Fund 1: 10:00-11:00 Scribe: Kosha Shah

Thursday September 24, 2009 Proof: Myra Dennis

Dr. Barnum Basic Concepts of Immunology Page 1 of 6

I.  Introduction [S1]: [He talked about immunology in relation to dentistry and optometry with a couple slides that we don’t have]

a.  If you have questions, you can get me by email.

b.  I strongly ask you to ask questions if you get lost because immunology is a comprehensive topic and you will have a bunch of lectures over the next few weeks that will slowly build up.

c.  I hear that you want to be dentists and optometrists, so what do you care about immunology?

d.  But the fact of the matter is that most of the time when patients come to see you is because they have some sort of inflammatory problem that the immune system is contributing to. Whether it’s in their mouth.

e.  On the left side we have a nice, healthy tooth and gums and on the right (no problems here). But then you have periodontal disease (on the left) where you start having reduced bone, inflammation, pulling away of gums from the tooth, infection-all of that kind of stuff. That painful red swelling is due in part to the immune system trying to fight off an infection and damaging your own tissues.

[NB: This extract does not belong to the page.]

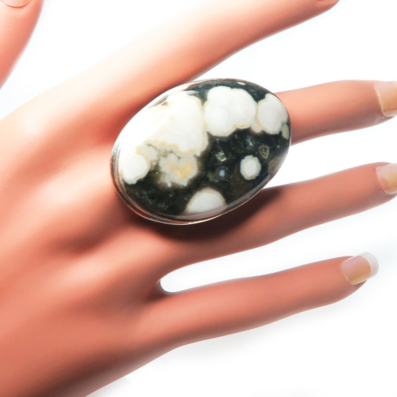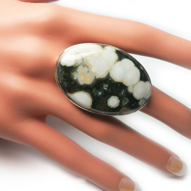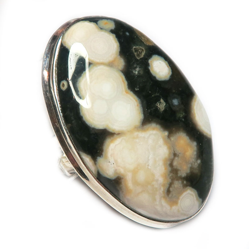 Крупное кольцо с яшмой, размер кольца 19, размер камня 4.4*3 см., вес кольца 21.24 гр., металл серебро, производство Индия.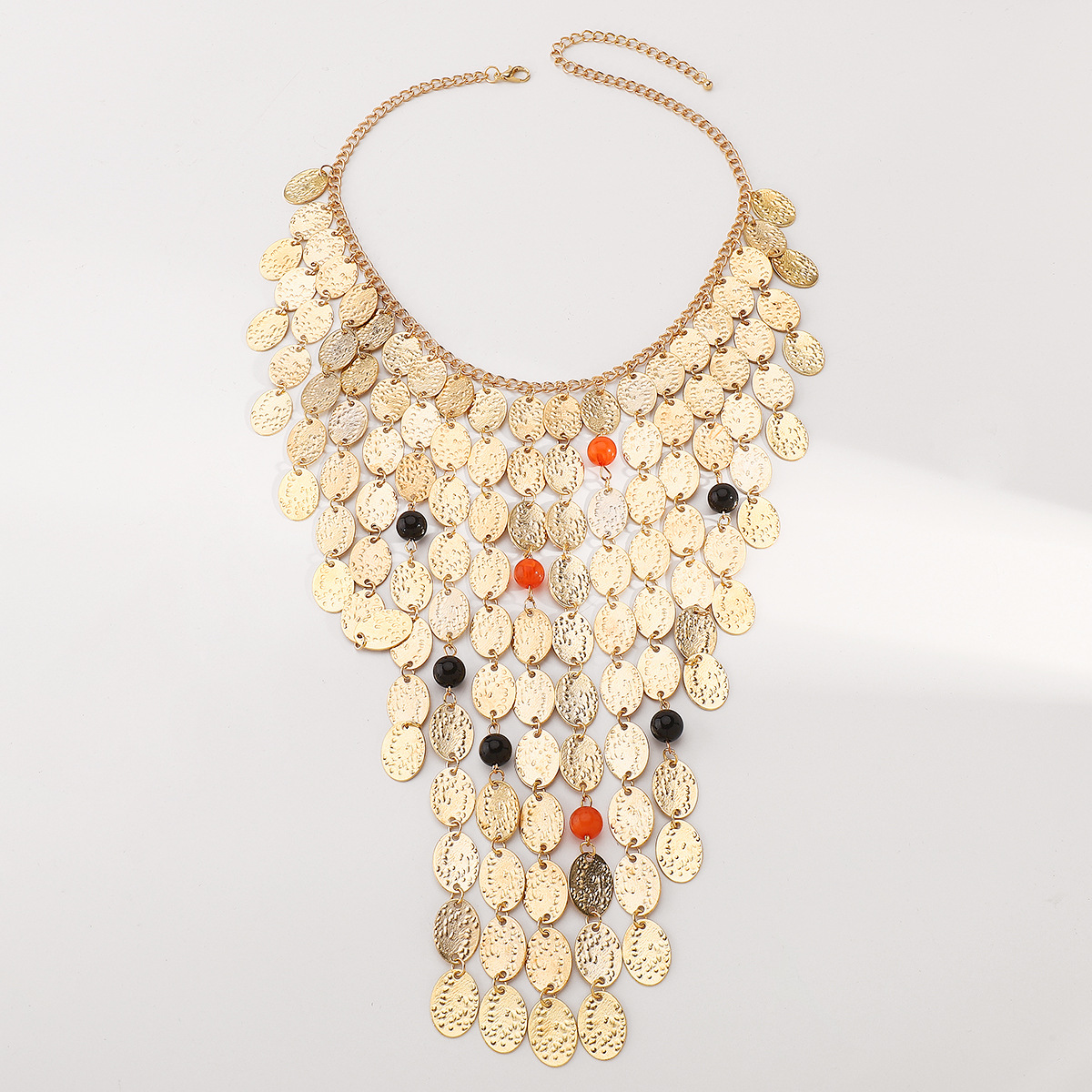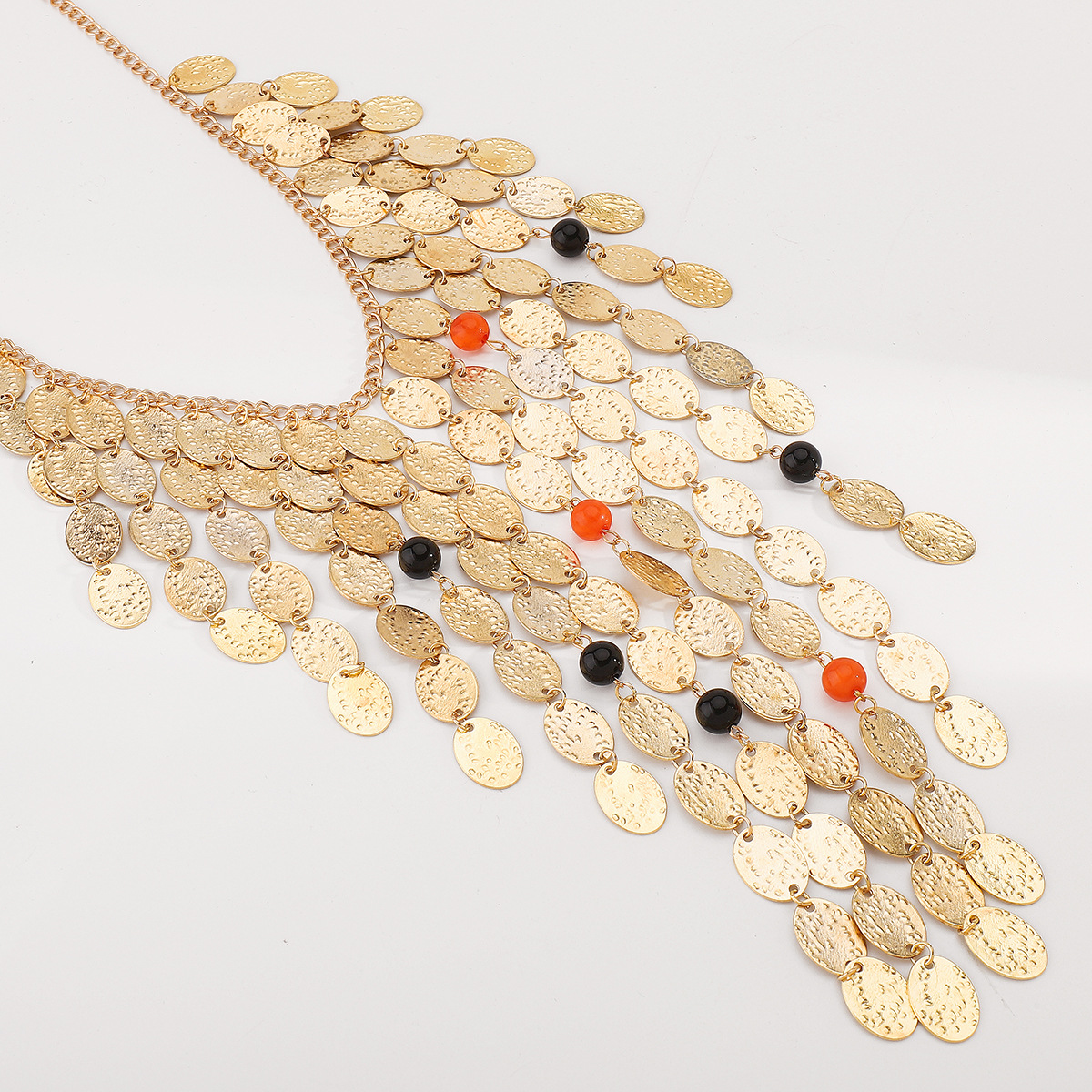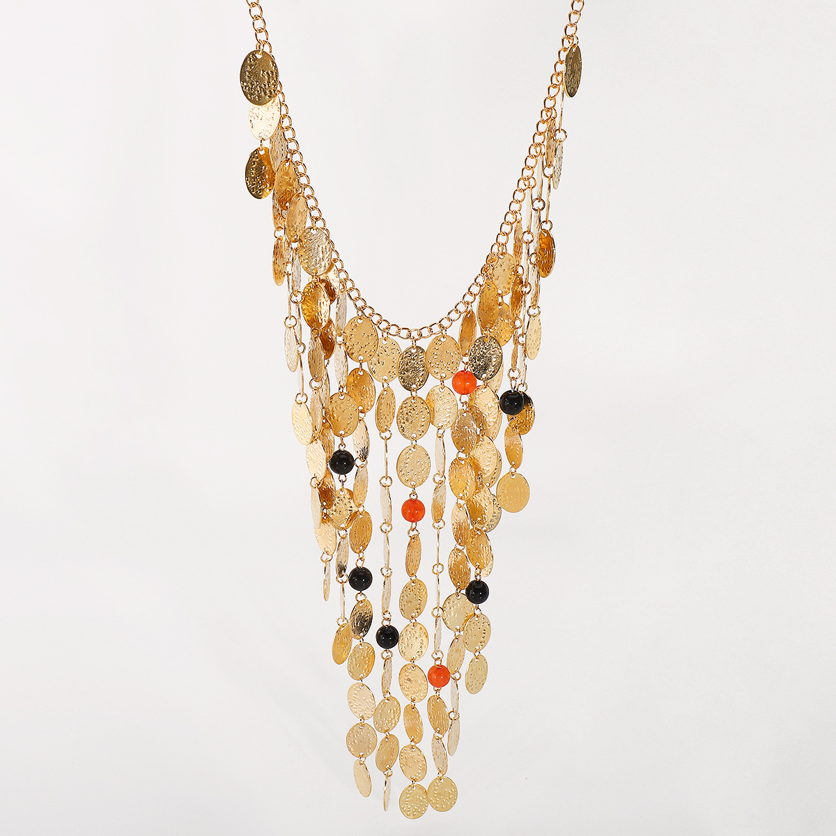 Coin Fringe – Layered Statement Jewelry Gold shimmer. Tribal rhythm. Neckline domination. This handcrafted necklace is a full-on glam cascade—layered coin discs that catch the light with every move, accented by warm amber beads for a touch of earthy opulence. Whether you’re styling a shoot, stepping into ceremony, or just claiming your spotlight, this piece delivers instant icon energy.

f.  The same is important if you are interested in optometry. Beautiful fundus right here. No problems, everything looks good. Then you have someone who has toxoplasmosis infection-they have all kinds of scarring and additional vessels trying to grow here. All these problems. Or somebody that has a really nasty infection in the eye. It is the host pathogen interactions with these infections that are causing this horrific inflammation and all this kind of white puffy material here. These are immune cells that have crawled out of vessels into the site of infection to try to clear that infection.

II.  Title [S2] Immunology is important to you as a future clinician because:

a.  Immunology is important to you because most of the time when people come to see you they have an infection, they have trauma. Maybe they’ve been poked in the eye. A tooth has come loose because they were playing football in the backyard and they got hit. Or they’ve got an infection - cavity is an infection. Or an infection that was going around school or something like that. You are always going to see that kind of stuff.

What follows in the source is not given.